To answer the question of my student, whether one-sided compatibility constitutes a platform, let’s first ask what the equivalent of Microsoft Windows would be in the hospitality industry. It is not Booking.com, but a hotel chain. Setting up an account with them will give you convenient access to a large number of hotels, which is probably the driving force behind the present race between Hilton and Marriott to become the largest hotel chain. If you choose to become a ‘member’ of that network, you become familiar with their way of operation. It is the same for any member of that hotel chain, similar to how Windows-compatible application software runs on every Windows computer. Your embodied knowledge, your practice, of how to interact with a member of that chain, possibly partly embedded in your computer settings and/or an app, is the one component and the way a hotel operates the other. Hotels are now swappable in that any hotel which belongs to the same chain can ‘inter-operate’ with you. But your practice is not swappable, it will not (smoothly) inter-operate with other hotels.

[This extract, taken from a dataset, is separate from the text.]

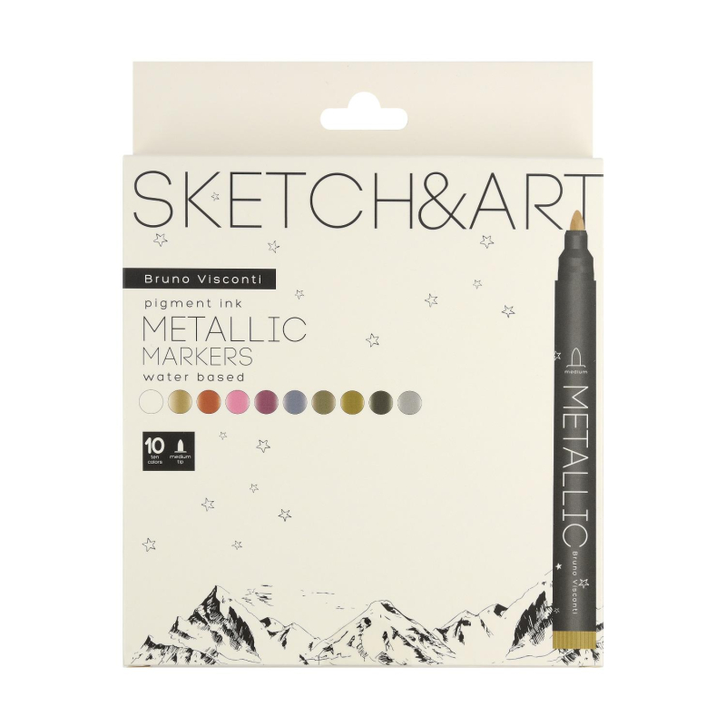 Высококачественные профессиональные металиизированные маркеры. Это идеальные маркеры для рисования и письма на любой поверхности. Они обладают великолепными кроющими свойствами, оставляя плотную линию на бумаге, пластике, керамике. Подходят как для прорисовки отдельных деталей, так и для создания масштабных изображений. Цвета великолепно смотрятся на черной бумаге, но подойдут и для счетллых поверхностей. Если вы планируете оформить открытку, меню, рекламную вывеску с цветной основой, то металлик- маркеры отлично подойдут для этих целей. Линия после высыхания получается с мягким металлическим блеском. При необходимости рисунки смываются водой с гладких глянцевых поверхностей, т.к. в маркерах металлик SKETCH&ART используются чернила на водной основе. Широкий круглый корпус отлично ложится в руку. Пулевидный наконечник с плотным фелтом позволяет контролировать четкость линии. В наборе 10 основных оттенков, в том числе серебряный и золотой.

Now let’s factor Booking.com into this understanding. You might say that Booking.com is just the equivalent of a hotel chain writ large. But I would not agree. Any hotel and any hotel chain wanting to be listed on Booking.com has to comply with their process of how guests and hosts should interact. I actually recently discovered the problem that arises when a chain attempts to maintain its own process standards, when booking a holiday house in Denmark – for an excursion with students to study Denmark’s centralized medication record system – which belongs to a group (DanCenter). The process of booking and paying became incredibly messy for both sides. So, ignoring such cases, Booking.com makes both the practice of booking a hotel and the way a hotel operates swappable: the practice operates with any hotel listed on Booking.com and any listed hotel can inter-operate with any guest, whether or not that hotel belongs to a chain. Booking.com creates two-sided horizontal compatibility between hotel operations and booking practices.

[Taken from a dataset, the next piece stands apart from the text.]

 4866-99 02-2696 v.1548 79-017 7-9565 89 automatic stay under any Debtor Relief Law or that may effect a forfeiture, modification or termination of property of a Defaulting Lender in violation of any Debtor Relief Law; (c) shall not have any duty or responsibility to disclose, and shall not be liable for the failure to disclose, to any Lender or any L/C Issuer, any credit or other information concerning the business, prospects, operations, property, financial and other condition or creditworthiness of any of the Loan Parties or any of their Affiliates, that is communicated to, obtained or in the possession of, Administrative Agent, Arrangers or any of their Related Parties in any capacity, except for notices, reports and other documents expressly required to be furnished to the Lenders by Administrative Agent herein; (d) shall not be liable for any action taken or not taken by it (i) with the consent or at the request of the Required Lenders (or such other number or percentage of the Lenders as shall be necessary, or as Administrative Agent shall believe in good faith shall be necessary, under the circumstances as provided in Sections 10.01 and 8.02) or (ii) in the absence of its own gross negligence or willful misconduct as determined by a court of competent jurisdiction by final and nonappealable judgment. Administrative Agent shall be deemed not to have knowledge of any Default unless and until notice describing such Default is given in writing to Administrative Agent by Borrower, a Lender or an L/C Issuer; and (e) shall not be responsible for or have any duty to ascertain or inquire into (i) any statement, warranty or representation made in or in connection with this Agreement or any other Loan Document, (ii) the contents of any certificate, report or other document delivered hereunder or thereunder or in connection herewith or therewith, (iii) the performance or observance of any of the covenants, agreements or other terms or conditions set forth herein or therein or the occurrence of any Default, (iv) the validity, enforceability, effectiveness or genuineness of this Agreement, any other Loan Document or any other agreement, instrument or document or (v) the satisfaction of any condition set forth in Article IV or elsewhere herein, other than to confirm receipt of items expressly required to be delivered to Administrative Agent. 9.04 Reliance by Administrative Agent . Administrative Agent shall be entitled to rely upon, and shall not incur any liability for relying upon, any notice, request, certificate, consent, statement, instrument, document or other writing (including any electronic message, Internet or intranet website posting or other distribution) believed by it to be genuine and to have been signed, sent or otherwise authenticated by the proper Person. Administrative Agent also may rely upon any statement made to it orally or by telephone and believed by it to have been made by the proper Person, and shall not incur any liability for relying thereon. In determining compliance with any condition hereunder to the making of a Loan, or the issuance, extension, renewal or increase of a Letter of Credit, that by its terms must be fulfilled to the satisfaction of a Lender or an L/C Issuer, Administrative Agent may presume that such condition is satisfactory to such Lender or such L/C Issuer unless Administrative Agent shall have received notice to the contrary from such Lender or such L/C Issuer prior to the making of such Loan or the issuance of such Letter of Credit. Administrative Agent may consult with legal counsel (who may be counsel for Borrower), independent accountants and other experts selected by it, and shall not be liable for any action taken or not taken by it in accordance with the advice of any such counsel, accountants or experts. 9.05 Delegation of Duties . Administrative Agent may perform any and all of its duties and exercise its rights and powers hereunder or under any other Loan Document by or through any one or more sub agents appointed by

So the answer to my student should be ‘no’: the difference between one-sided and two-sided horizontal compatibility does not account for the difference between a platform and a standard. A platform can also establish two-sided horizontal compatibility. Then what is the difference between a standard and a platform? My tentative answer is that a platform makes a business out of establishing one- or two-sided horizontal compatibility. Standards emerge through an evolutionary process, partly facilitated through collective bargaining, while platforms are the product of purposeful design aimed at maximizing exploitation of positive network externalities associated with horizontal compatibility. That may be a good thing when the evolutionary process fails to produce horizontal compatibility, e.g. because the institutional structure of an economy is such that it does not facilitate complementary collective bargaining processes. But the price paid is that most benefits, i.e. positive network externalities associated with horizontal compatibility, are privately appropriated. Hence, the alternative, to me, would not consist in fighting platforms, as the EU is currently doing, but in strengthening institutional structures that facilitate the evolutionary processes that produce horizontal compatibility. Sounds abstract and unrealistic? Yes, certainly. It is probably the modern incarnation of the Choice of Hercules. In our economic development, we have arrived at a crossroads regarding how we want to develop our infrastructures. Platforms offer the easy way.